Required action
As the answer, give exactly the lines of the records below from the one with "幾何森息格紋拼接無袖洋裝" through the one with "この建物、元々は80年ほど前", ends included and pictures left out.
------ Data for the task ------
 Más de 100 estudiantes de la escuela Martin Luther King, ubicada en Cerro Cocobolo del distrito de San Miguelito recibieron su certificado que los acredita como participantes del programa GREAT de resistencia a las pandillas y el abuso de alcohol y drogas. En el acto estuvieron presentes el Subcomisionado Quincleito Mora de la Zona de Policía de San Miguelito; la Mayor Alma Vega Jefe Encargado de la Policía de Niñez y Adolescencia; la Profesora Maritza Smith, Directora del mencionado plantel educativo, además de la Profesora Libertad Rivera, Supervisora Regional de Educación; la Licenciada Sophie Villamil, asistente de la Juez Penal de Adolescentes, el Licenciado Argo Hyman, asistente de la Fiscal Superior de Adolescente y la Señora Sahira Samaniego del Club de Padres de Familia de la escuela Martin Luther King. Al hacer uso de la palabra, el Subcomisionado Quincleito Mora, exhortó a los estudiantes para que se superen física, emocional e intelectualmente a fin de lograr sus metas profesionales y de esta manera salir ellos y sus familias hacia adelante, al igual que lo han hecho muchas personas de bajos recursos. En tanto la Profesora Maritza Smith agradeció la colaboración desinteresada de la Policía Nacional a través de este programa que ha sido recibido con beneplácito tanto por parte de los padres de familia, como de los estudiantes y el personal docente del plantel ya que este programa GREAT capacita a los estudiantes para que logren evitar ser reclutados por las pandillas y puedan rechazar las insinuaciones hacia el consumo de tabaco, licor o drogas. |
------
------ Data for the task ------
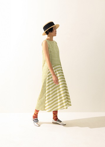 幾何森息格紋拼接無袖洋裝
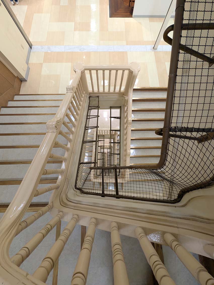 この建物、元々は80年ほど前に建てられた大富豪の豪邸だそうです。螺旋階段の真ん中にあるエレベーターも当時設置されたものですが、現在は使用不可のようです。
------
------ Data for the task ------
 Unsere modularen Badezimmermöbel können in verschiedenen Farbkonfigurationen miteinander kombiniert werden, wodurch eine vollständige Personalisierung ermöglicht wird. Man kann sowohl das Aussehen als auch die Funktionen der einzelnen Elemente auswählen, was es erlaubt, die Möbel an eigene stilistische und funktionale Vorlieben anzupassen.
------
Solution for this task
 幾何森息格紋拼接無袖洋裝
 この建物、元々は80年ほど前に建てられた大富豪の豪邸だそうです。螺旋階段の真ん中にあるエレベーターも当時設置されたものですが、現在は使用不可のようです。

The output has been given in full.